Optical Physics & Electromagnetism
The module consists of a study of optical physics and electromagnetism, leading from the early classical studies of optical physics to the development of a modern electromagnetic theory of light. Wider applications and modern developments will also be considered.
The module will study the principles of quantum physics and its applications in atomic and nuclear physics. It will build on the quantum physics taught at Level 1, covering operator and eigenvalue formalisms, solutions to Schrodingers equation for atomic and nuclear potentials, conservation rules, selection rules, quantum numbers, Pauli exclusion principle, energy levels, binding energy, mass defect, radioactivity and thermonuclear fusion.
Mathematical Techniques 2
You will learn how to integrate functions of two and three variables along plane and space curves and how to evaluate multiple integrals of such functions. You will learn about gradient, divergence and curl. You will be able to obtain the Fourier transform of a function and perform calculations involving analytic functions of a complex variable.
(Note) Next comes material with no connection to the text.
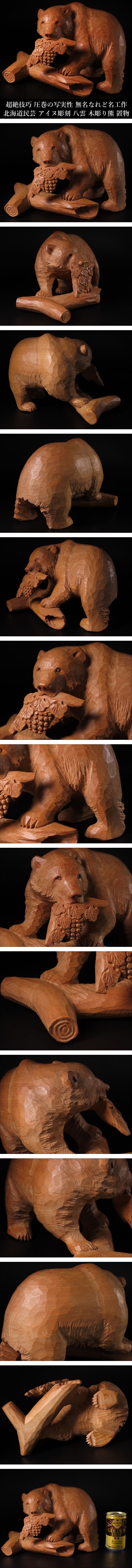 【ONE'S】超絶技巧 圧巻の写実性 無名なれど名工作 北海道民芸 アイヌ彫刻 八雲 木彫り熊 幅25cm 置物 古美術品 | |||
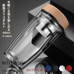 水筒 スポーツボトル 400ml ウォーターボトル 直飲み 耐熱ガラス 透明 茶こし付き 蓋付き タンブラー 二重構造 シンプル 断熱

This module helps to prepare students for employment and placement applications. You will be guided in the preparation of a CV, cover letter and professional web presence. You will assisted by your personal tutor, alongside members of University support services from the Careers and Placements Service and Learning and Information Services. Success in these areas also requires research skills and the ability to solve a variety of problems often now found in online practice banks. Your tutors will guide you in some of the ways of solving these problems including logical puzzles and pattern association.
Laboratory Physics 2
The module consists of experimental investigations into various physical phenomena such as optical polarisation, diffraction, optical effects such as the Zeeman effect, spectroscopy, thermal properties of matter, properties of semiconductors, nuclear decay, and basic crystallography.
You will learn how to design and write programs in an appropriate high-level programming language. The module will cover control structures such as loops and logical statements. You will be shown how to build more complex programs by linking separate functions and procedures. You will learn how to debug programs and produce program documentation.
Dynamics in mathematics has a broad meaning and describes states and state spaces and the transformation or evolution of these states. In this module, we highlight these ideas whilst focusing on problems of classical mechanics. The approach will emphasise the (historically accurate) way in which mathematical structures have often been devised to solve particular mechanical problems. You will learn how to work in different frames (e.g. rotating coordinates, body-centred coordinates). You will use tensors to solve problems locally and then see how non-local variational methods can also be powerful tools, both in solving complex problems and revealing their intrinsic symmetries. Throughout the module, you will learn and practice new techniques on a weekly basis, building up a useful armoury of skills. These can be turned on more advanced problems of dynamics and have wider application in mathematical physics.
Professional Teaching Skills
After gaining the all clear from the Disclosure and Barring Service, you obtain a placement in an educational setting for ten half days to work with a class teacher. You develop professional teaching skills and build a relationship with the class teacher making a lesson plan of your own which is assessed and you may get a chance to deliver. At the end of that period you give a presentation to the class, which is assessed. You keep a diary throughout which is part of the assessment.
You discover how to use numerical methods to solve mathematical problems and to discuss the relative performance of different methods in terms of accuracy and efficiency. You also learn about the theoretical background to the methods.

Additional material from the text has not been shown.